Going by the provisions of the Act, applicant’s application was filed within time, there was therefore no need for condonation. The application is properly before the court. This explains why respondent did not pursue this point in its oral submissions.

Section 126 of the Act, referred to reads as follows;

“Remission of duty upon loss or destruction of goods

If the Commissioner is satisfied that-

  1. before their removal from customs control goods were destroyed by accident or lost by accident, without going into consumption, either on board ship or an aircraft or other vehicle or while in a pipeline or in landing, loading, transportation or handling; and


  1. Every reasonable effort was made and precaution taken to prevent their loss or destruction;

the Commissioner shall remit or refund the duty payable on the goods.”



As conceded by the applicant, rightly so in my view, in considering remission of duty in terms of s 126 of the Act, the Commissioner will be exercising a discretionary power.

In casu, it is common cause that respondent’s officials attended the scene of accident, assessed the situation, took pictures and advised applicant’s representatives to reload the remaining goods that were still intact and capable of being exported and the damaged empty cans and drive the truck to Chirundu Customs yard to facilitate quantification of loss.

A physical examination was conducted and going by applicant’s own version the physical examination was done in applicant’s crew’s presence.

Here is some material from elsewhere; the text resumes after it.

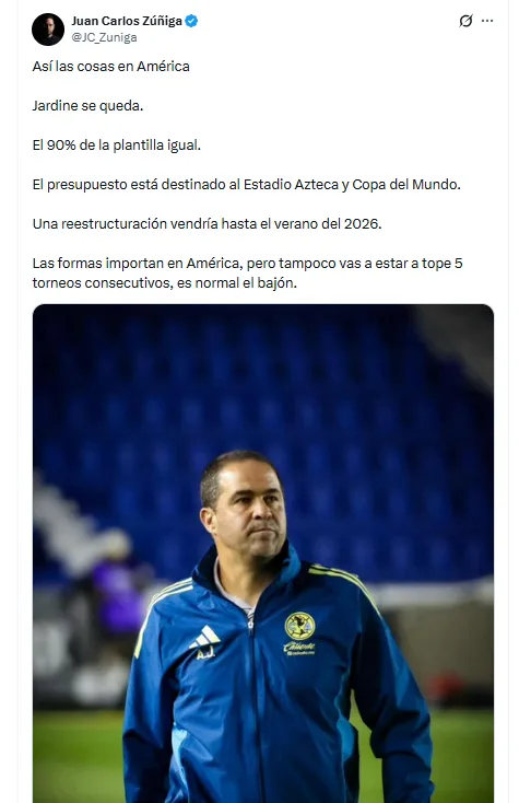 A pesar de que las Águilas del América cayeron dolorosamente, de último minuto y con un hombre más ante Rayados de Monterrey en la Vuelta de los Cuartos de Final del Apertura 2025. La directiva americanista NO HARÁ CAMBIOS para el Clausura 2026 y tanto André Jardine como la mayoría de la plantilla seguirá en el equipo para el próximo torneo.
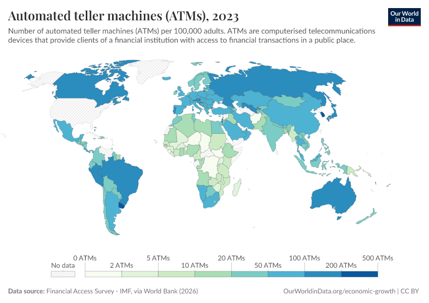 “Data Page: Automated teller machines (ATMs)”. Our World in Data (2026). Data adapted from Financial Access Survey - IMF, via World Bank. Retrieved from https://data-populationgrowth-discre.owid.pages.dev:8789/20260202-181317/grapher/automated-teller-machines-atms-per-100000-adults.html [online resource] (archived on February 2, 2026).How to cite this data

The examination established that 961.25 cases were intact, 198.75 were damaged, and 1360 cases were missing resulting in the issuance of the special warrant. Some of the pictures relied upon by applicant show damaged cans thrown all over the place of the accident after the truck had been removed from the scene. This is despite applicant had been told to reload the damaged cans. Its explanation for not so doing was that it is dangerous to load damaged goods since it is a health hazard even to touch them. This clearly shows that applicant left some damaged cans deliberately.

Some pictures show people just standing by and others collecting and loading the trailer.

It is noted that applicant was granted full remission on the 198.75 cases destroyed as a result of the accident but however was of the view that the 1360 cases that were not accounted for were consumed in Zimbabwe and not destroyed by the accident. Has there been an injudicious exercise of discretion in this case? Certainly not in my view.

In the result therefore I find that the application is without merit.

Accordingly it is and is hereby dismissed with costs.